A method and system for tracking and processing errors in a distributed computer system. As an application encounters an error, a centralized system intercepts and assumes the processing of that error event. The central error processing may be used with a distributed network connecting the applications running on various user computers. Upon receipt of an error message from an application (22), the system creates an informative error package (30), propagates appropriate error alert to relevant subsystems (34), and attempts to resolve the error. The error may be resolved in various ways. For example, the system may select and dispatch appropriate help information to the user (32); or the system may locate an alternative resource to substitute for the failed resource (38). The system may prioritize errors when there is more than one error still unresolved at any given time (36). In addition, the system may filter errors that require different levels of response (40)and the system may direct errors to resources capable of assisting in resolving the error.

Description

A METHOD AND SYSTEM FOR HANDLING ERRORS IN A DISTRIBUTED COMPUTER SYSTEM
This application claims the priority of U.S. provisional patent application No. 60/131,412 filed April 28, 1999, which is incorporated herein by reference.
FIELD OF THE INVENTION The present invention relates to tracking and responding to errors in a distributed electronic system.
BACKGROUND OF THE INVENTION Application programs are typically designed to be self-contained, each having its own capacity for handling errors that may occur during the execution of the program. With the growing popularity of operating multiple programs simultaneously, much of the code for and processing of error messages in each program is redundant and therefore, inefficient. Furthermore, with the ever increasing use of the Internet, many applications operating locally use networked resources. Some applications use a central resource to provide automated help to users connected to the Internet. What is needed is a system that handles the error messaging and error processing in an efficient manner for applications executed on distributed systems. The present invention satisfies this and other needs.
SUMMARY OF THE INVENTION The present invention is a method and system for tracking and processing errors in a distributed computer system in which a centralized error processing utility handles errors generated by one or more applications. Specifically, as an application encounters an error, the present invention intercepts and assumes the processing of that error event. This global error processing is facilitated by the distributed network connecting the applications running on various user computers. Upon receipt of an error message from an application, the system creates an informative error package, propagates appropriate error alert to relevant subsystems, and attempts to resolve the error. The error may be resolved in various ways. For example, the system may select and dispatch appropriate help information to the user; or the system may locate an alternative resource to substitute for the failed resource. The system may prioritize errors when there is more than one error still unresolved at any given time. In addition, the system may filter errors that require different levels of response and the system may direct errors to resources capable of assisting in resolving the error.
BRIEF DESCRIPTION OF THE DRAWINGS Figure 1 is a block diagram showing the preferred embodiment of the present invention; and
Figure 2 is a flow chart showing the method of the preferred embodiment.

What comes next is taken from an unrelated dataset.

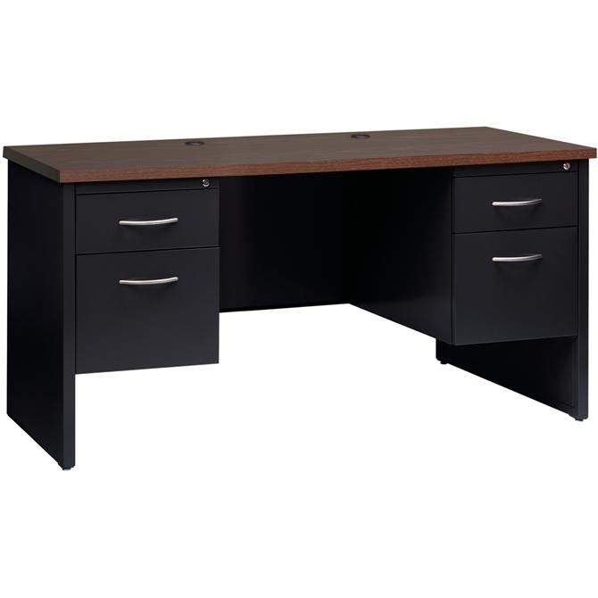 Double-pedestal credenza is part of the Lorell Commercial Steel Desk Series with commercial-quality performance and components. Durable steel chassis supports a 1-1/8" thick, laminated top. Laminate is stain-resistant and scratch-resistant for durability. This 60" wide, double-pedestal credenza with adjustable leveling glides can be used freestanding or paired with a stack-on hutch and other elements to create an executive workstation. Each locking pedestal includes one box drawer for small supplies and one file drawer. File drawers with premium arch-pull handles accept hanging file folders. Steel ball-bearing suspension makes drawers easy to operate quietly. Built-in cord management with two grommets in the top and two more grommets on the end panels provides easy access to power and data while minimizing clutter. Rich walnut laminate and black paint create an upscale look and feel for any application. Superior steel construction withstands heavy activity and relocation.

DETAILED DESCRIPTION OF THE PREFERRED EMBODIMENT In the preferred embodiment of the present invention, the system creates error messages, propagates alerts and resolves errors that arise in the course of operation of a computer system. The system in accordance with the preferred embodiment may be an independent, self- contained program, operating on errors occurring in other computer programs. Alternatively the present system may be part of another computer program, typically, a large program having many sub-systems. The system is especially suitable for use with a network of computer systems where various applications or sub-systems may be operating simultaneously on different computers across the network, some operating independently and others operating cooperatively. However, the system and method of the present invention are generally applicable to computer systems, ranging from stand-alone computers to larger global computer networks. The term system element is used herein to refer to the broad range of computer programs and sub-systems that may be subject to the present invention, i.e., programs which generate errors. System elements include, for example, applications programs, sub-programs, operating systems, communication protocols, and drivers for peripherals. In addition, the term user refers to a party using an application but may also refer to the operator or monitor of a system element(s).
Typically, in modern programming, each system element is designed to handle exceptional conditions (such as expecting a message from another module, or trying to access a common resource which is unavailable), with an error message that is used in program debugging or is passed to an error handling routine that provides diagnostic information or user feedback. For example, within an application program, the error handling and debugging subsystems generate a specific error message associated with an unpredictable or unstable state within the application. The occurrences of errors are uniquely identified within the application program creating them, usually through a numbering or naming schema. In addition, programs typically log each error to a log file for diagnostic or audit purposes.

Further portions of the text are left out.